To index a local folder from the host, mount it into the container and add it via the API:

```sh
docker run -p 3000:3000 \
  -v trueref-data:/data \
  -v /path/to/my-library:/repos/my-library:ro \
  trueref
```

Then add the mounted path through the web UI or REST API using `/repos/my-library` as the source URL.

## Testing

Run the test suite:

```sh
npm test
```

Run checks:

```sh
npm run check
npm run lint
```

## Available scripts

```sh
npm run dev
npm run build
npm run preview
npm run check
npm run lint
npm run format
npm test
npm run mcp:start
npm run mcp:http
npm run db:push
npm run db:generate
npm run db:migrate
npm run db:studio
```

## Troubleshooting

### `DATABASE_URL is not set`

Export `DATABASE_URL` before starting the app or running any database command.

### MCP server starts but returns no useful results

Check that:

- the web app is running
- `TRUEREF_API_URL` points to the correct base URL
- the target repository has already been indexed

### `Library not found` from `query-docs`

Run `resolve-library-id` first and use the exact returned library ID.

### `Library is currently being indexed`

Wait for the indexing job to finish, then retry the request.

### Search quality is weak

Configure an embedding provider in Settings.
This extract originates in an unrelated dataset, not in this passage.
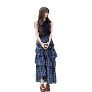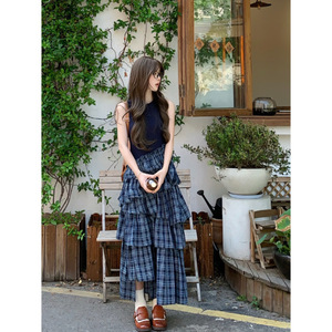 レトロチェック柄パッチワークベストドレス女性のための 2025 夏の新しいウエストデザイン偽ツーピースケーキスカート

Without embeddings, search is keyword-only.

## Security notes

- Treat GitHub tokens and embedding API keys as secrets.
- Prefer user-local or environment-based secret injection over committing credentials to MCP config files.
- Only connect trusted MCP clients and trusted MCP servers.

## License

No license file is included in this repository at the moment.